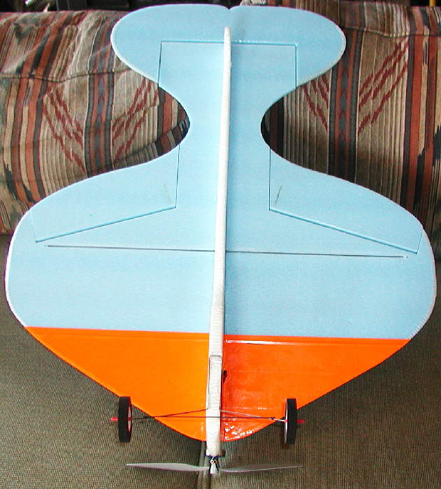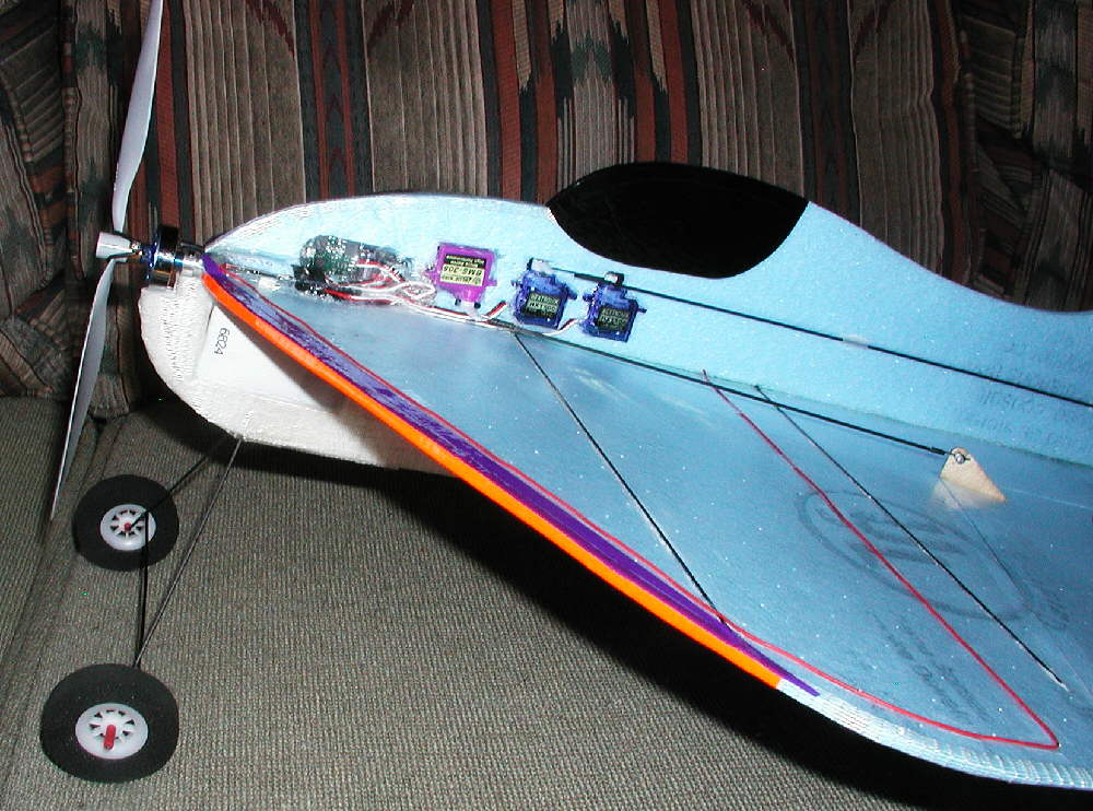 The motor is one of the HexTronik '24 gram' motors, turning a GWS 8x6 slowflyer porp on a 3S 640 mAH battery pack. Flying weight with this 2 ounce battery pack in place is at 9 ounces.
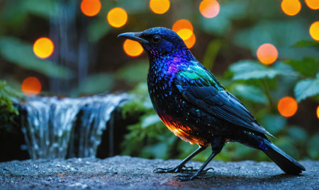 A vibrant bluebird perches on a rock near a small waterfall, illuminated by warm, orange lights in the background
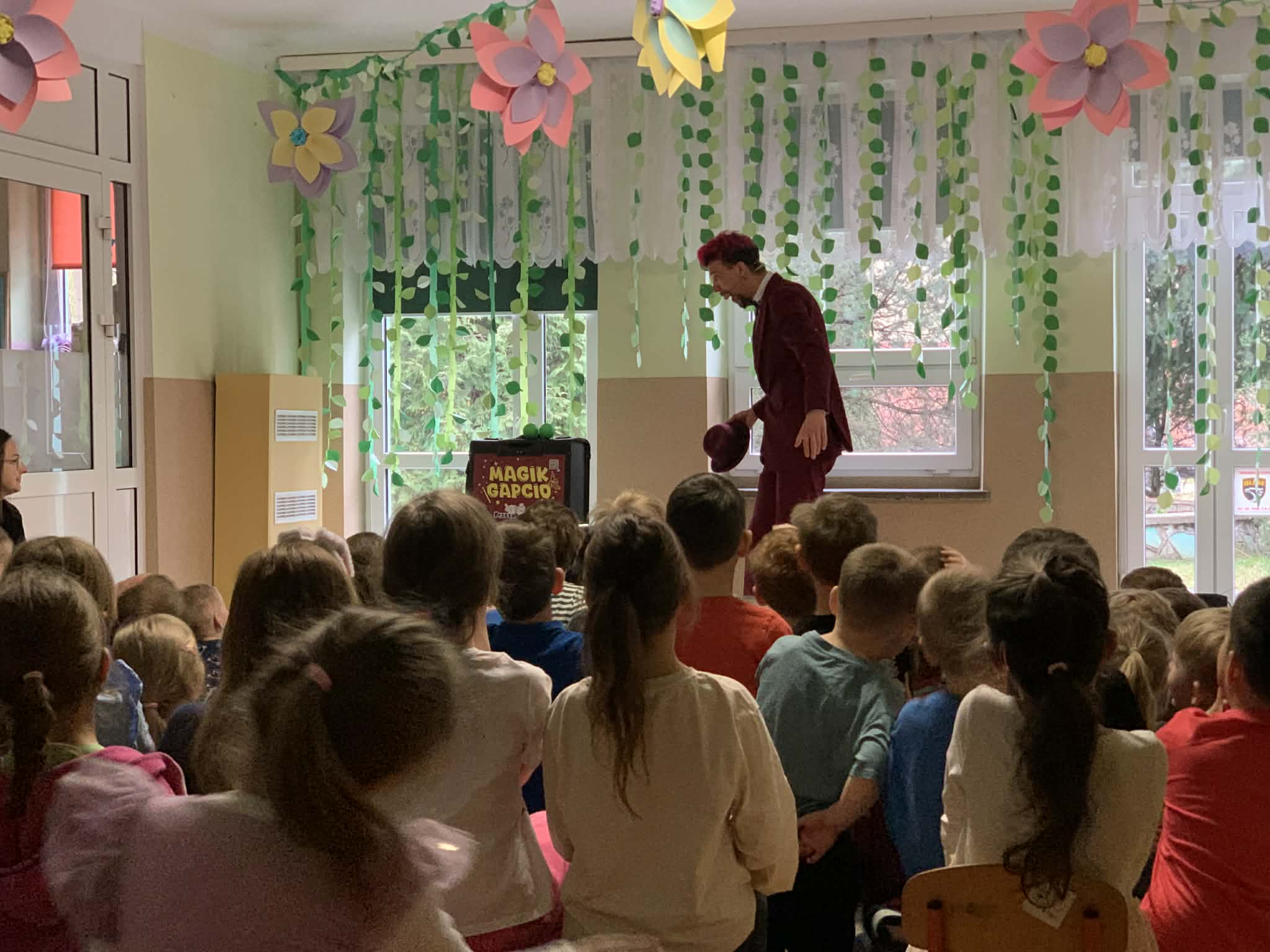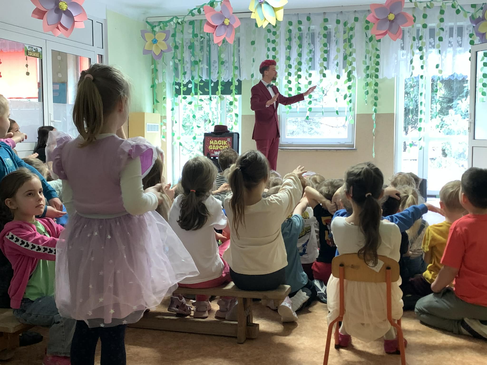 Podczas widowiskowego występu przedszkolaki z zapartym tchem śledziły pojawiające się rekwizyty i niesamowite sztuczki, które wywołały mnóstwo radości. Najwięcej emocji dostarczyła możliwość wspólnego czarowania, dzięki czemu dzieci mogły poczuć się jak prawdziwi asystenci magika.
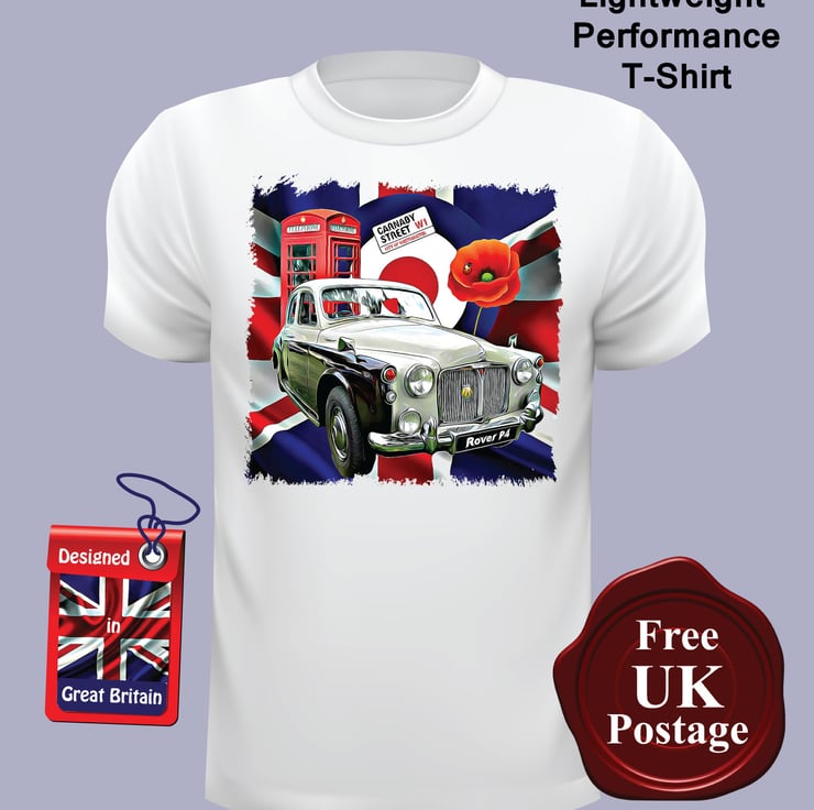 Rover P4 T Shirt, Choose Your Size, designed by us Aggies Bags the 169 gsm 100% Polyester cotton feel Ringspun T Shirt is seamed with a single needle 1.9cm collar. Taped neck. Twin needle sleeve and bottom hems. Quarter-turned to eliminate centre crease. Oeko-Tex Standard 100 certified,

◆ **Exercise directions**: Every line above needs to be written out again as it stands. Pictures do not belong in the copy.

◆ **Answer below**:
 The motor is one of the HexTronik '24 gram' motors, turning a GWS 8x6 slowflyer porp on a 3S 640 mAH battery pack. Flying weight with this 2 ounce battery pack in place is at 9 ounces.
 A vibrant bluebird perches on a rock near a small waterfall, illuminated by warm, orange lights in the background
 Podczas widowiskowego występu przedszkolaki z zapartym tchem śledziły pojawiające się rekwizyty i niesamowite sztuczki, które wywołały mnóstwo radości. Najwięcej emocji dostarczyła możliwość wspólnego czarowania, dzięki czemu dzieci mogły poczuć się jak prawdziwi asystenci magika.
 Rover P4 T Shirt, Choose Your Size, designed by us Aggies Bags the 169 gsm 100% Polyester cotton feel Ringspun T Shirt is seamed with a single needle 1.9cm collar. Taped neck. Twin needle sleeve and bottom hems. Quarter-turned to eliminate centre crease. Oeko-Tex Standard 100 certified,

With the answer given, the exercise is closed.